## [Records]
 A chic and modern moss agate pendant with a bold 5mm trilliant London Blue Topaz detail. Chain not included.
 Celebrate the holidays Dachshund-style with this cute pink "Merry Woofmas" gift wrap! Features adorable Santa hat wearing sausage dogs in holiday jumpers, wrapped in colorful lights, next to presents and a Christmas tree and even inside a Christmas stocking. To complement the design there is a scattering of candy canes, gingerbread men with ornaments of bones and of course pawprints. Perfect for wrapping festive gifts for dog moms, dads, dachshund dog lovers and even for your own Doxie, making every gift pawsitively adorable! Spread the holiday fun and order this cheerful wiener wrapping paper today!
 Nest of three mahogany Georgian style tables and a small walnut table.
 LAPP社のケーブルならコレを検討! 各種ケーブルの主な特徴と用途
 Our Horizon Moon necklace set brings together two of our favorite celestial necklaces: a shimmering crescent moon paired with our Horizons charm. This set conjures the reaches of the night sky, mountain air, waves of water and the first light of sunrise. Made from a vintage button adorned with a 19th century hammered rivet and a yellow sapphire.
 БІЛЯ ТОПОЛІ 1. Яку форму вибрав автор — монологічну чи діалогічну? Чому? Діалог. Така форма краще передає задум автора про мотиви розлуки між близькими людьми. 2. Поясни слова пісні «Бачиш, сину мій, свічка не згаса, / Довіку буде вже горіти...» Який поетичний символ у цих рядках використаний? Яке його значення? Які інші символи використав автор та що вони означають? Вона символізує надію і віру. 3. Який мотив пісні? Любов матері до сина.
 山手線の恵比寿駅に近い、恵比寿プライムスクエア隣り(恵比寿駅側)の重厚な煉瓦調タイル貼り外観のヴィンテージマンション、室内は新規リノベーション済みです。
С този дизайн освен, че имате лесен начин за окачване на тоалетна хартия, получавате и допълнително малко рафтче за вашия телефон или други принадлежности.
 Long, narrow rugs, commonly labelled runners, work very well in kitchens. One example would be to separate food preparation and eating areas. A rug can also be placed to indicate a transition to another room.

...

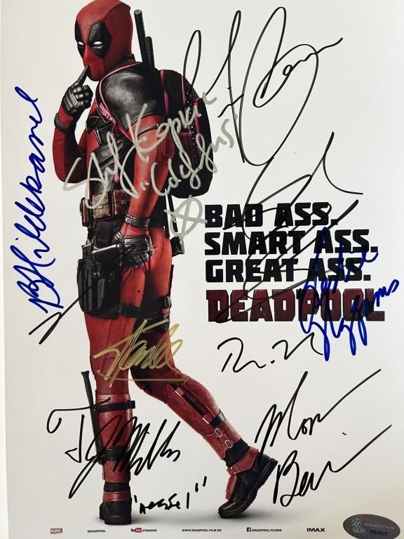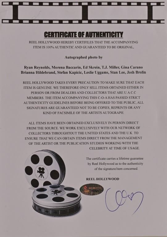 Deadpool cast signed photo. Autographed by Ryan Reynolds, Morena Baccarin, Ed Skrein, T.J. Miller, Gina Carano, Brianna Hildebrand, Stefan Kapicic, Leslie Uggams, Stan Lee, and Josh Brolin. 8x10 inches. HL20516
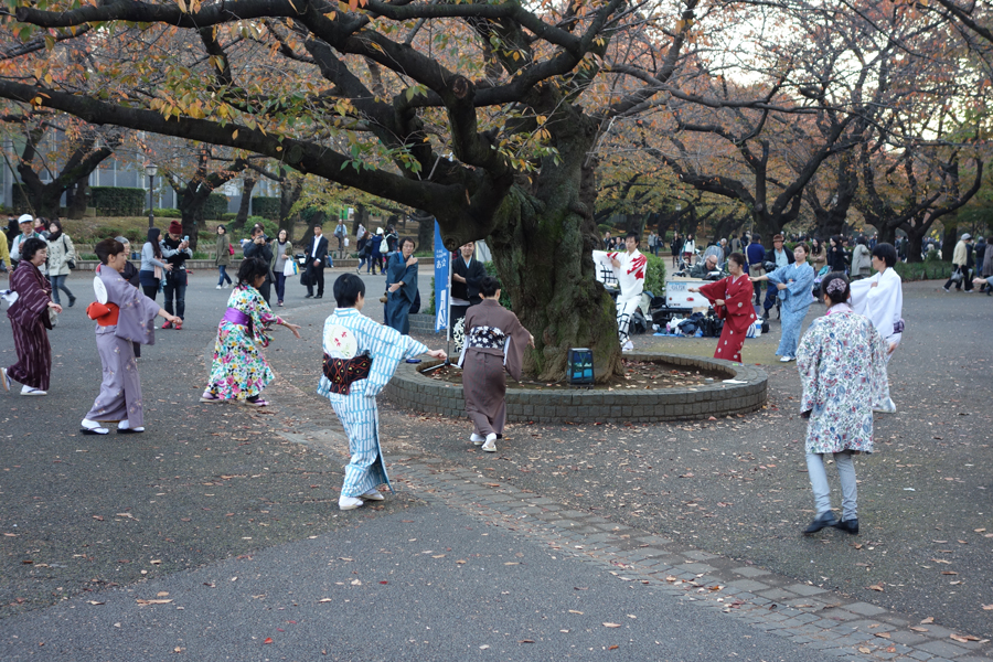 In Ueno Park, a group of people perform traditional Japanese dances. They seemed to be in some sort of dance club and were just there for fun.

## [What to do]
Retype, in the same exact form, the lines of the material above from the line holding "Celebrate the holidays" through the line holding "LAPP社のケーブルならコレを検討! 各種ケーブルの主な特徴と用途".

## [Response to the task]
 Celebrate the holidays Dachshund-style with this cute pink "Merry Woofmas" gift wrap! Features adorable Santa hat wearing sausage dogs in holiday jumpers, wrapped in colorful lights, next to presents and a Christmas tree and even inside a Christmas stocking. To complement the design there is a scattering of candy canes, gingerbread men with ornaments of bones and of course pawprints. Perfect for wrapping festive gifts for dog moms, dads, dachshund dog lovers and even for your own Doxie, making every gift pawsitively adorable! Spread the holiday fun and order this cheerful wiener wrapping paper today!
 Nest of three mahogany Georgian style tables and a small walnut table.
 LAPP社のケーブルならコレを検討! 各種ケーブルの主な特徴と用途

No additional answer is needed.